Cauchy
The Cauchy Distribution
Density, distribution function, quantile function and random
generation for the Cauchy distribution with location parameter
location and scale parameter scale.
- Keywords
- distribution
Usage
dcauchy(x, location = 0, scale = 1, log = FALSE)
pcauchy(q, location = 0, scale = 1, lower.tail = TRUE, log.p = FALSE)
qcauchy(p, location = 0, scale = 1, lower.tail = TRUE, log.p = FALSE)
rcauchy(n, location = 0, scale = 1)Arguments
- x, q
- vector of quantiles.
- p
- vector of probabilities.
- n
- number of observations. If
length(n) > 1, the length is taken to be the number required. - location, scale
- location and scale parameters.
- log, log.p
- logical; if TRUE, probabilities p are given as log(p).
- lower.tail
- logical; if TRUE (default), probabilities are $P[X \le x]$, otherwise, $P[X > x]$.
Details
If location or scale are not specified, they assume
the default values of 0 and 1 respectively.
The Cauchy distribution with location $l$ and scale $s$ has density $$f(x) = \frac{1}{\pi s} \left( 1 + \left(\frac{x - l}{s}\right)^2 \right)^{-1}% $$ for all $x$.
Value
dcauchy, pcauchy, and qcauchy are respectively
the density, distribution function and quantile function of the Cauchy
distribution. rcauchy generates random deviates from the
Cauchy.The length of the result is determined by n for
rcauchy, and is the maximum of the lengths of the
numerical arguments for the other functions.The numerical arguments other than n are recycled to the
length of the result.

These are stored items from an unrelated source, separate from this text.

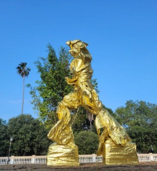 A performance de Mury ofereceu ao público interpretação. Ele encarna a escultura, vestido com um traje dourado especialmente desenhado que interage com o vento nordeste da planície para criar uma sensação de movimento e dinamismo. Esta interpretação ao vivo, foi pensada para ter uma duração de 15 minutos, no entanto, ele ficou por uma hora, no que conta, em uma pose desconfortável, no calor, imóvel… tudo para oferecer a experiência conceitual.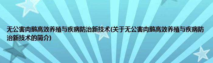 本文关于无公害肉鹅高效养殖与疾病防治新技术的简介就讲解完毕,希望对大家有所帮助。
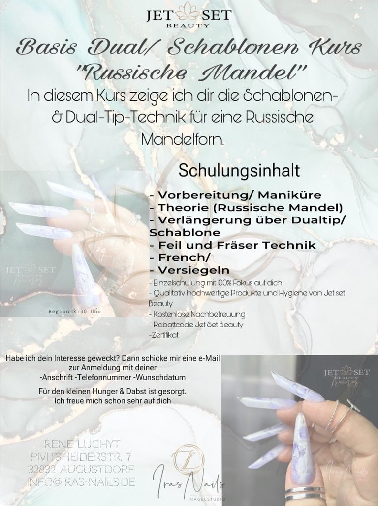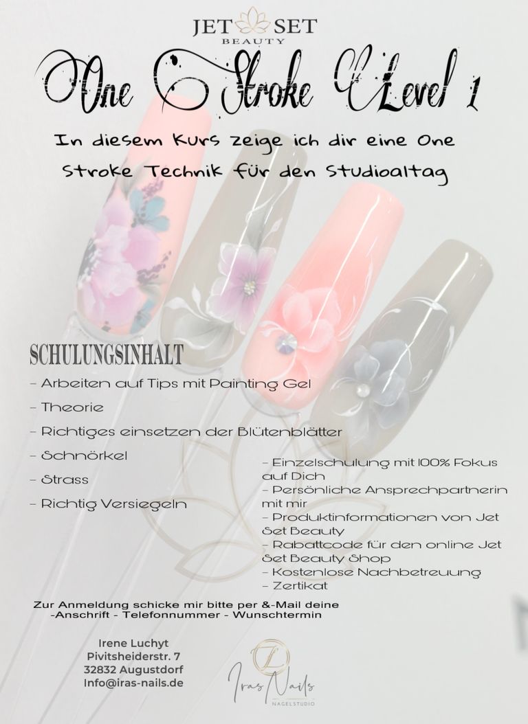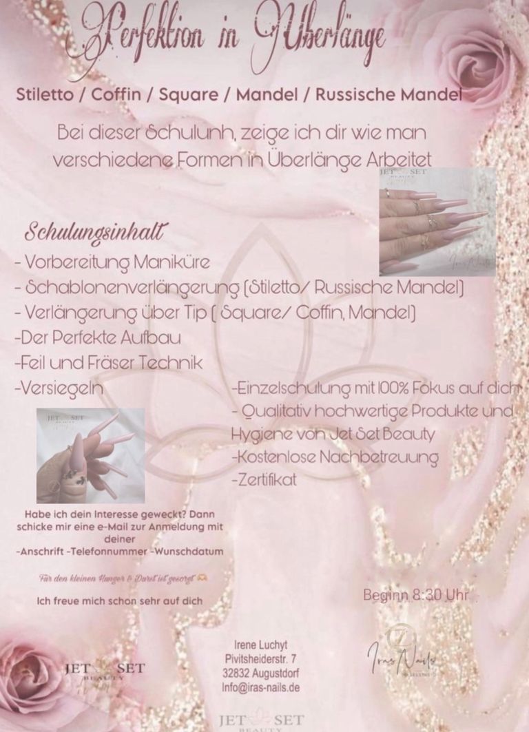 Ich berücksichtige individuelle Designwünsche und stehe dir nach den drei Schulungstagen jederzeit zur Verfügung. Zudem erhältst du einen 15%-Rabattcode für www.jet-set-store.de sowie ein Zertifikat.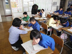 1校時から4校時,学生たちは5~6人のグループになって小学生の学習参観(参加)に入りました。アトランダムに紹介しましょう。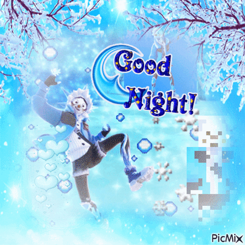 A winter-themed 'Good Night!' message featuring a Fortnite-like character, with Sunspot Cold Fusion.

Only the first elements of the logical
arguments are used.
Source
dcauchy, pcauchy and qcauchy are all calculated
from numerically stable versions of the definitions. rcauchy uses inversion.
References
Becker, R. A., Chambers, J. M. and Wilks, A. R. (1988) The New S Language. Wadsworth & Brooks/Cole.
Johnson, N. L., Kotz, S. and Balakrishnan, N. (1995) Continuous Univariate Distributions, volume 1, chapter 16. Wiley, New York.
See Also
Distributions for other standard distributions, including
dt for the t distribution which generalizes
dcauchy(*, l = 0, s = 1).
Examples
library(stats)
dcauchy(-1:4)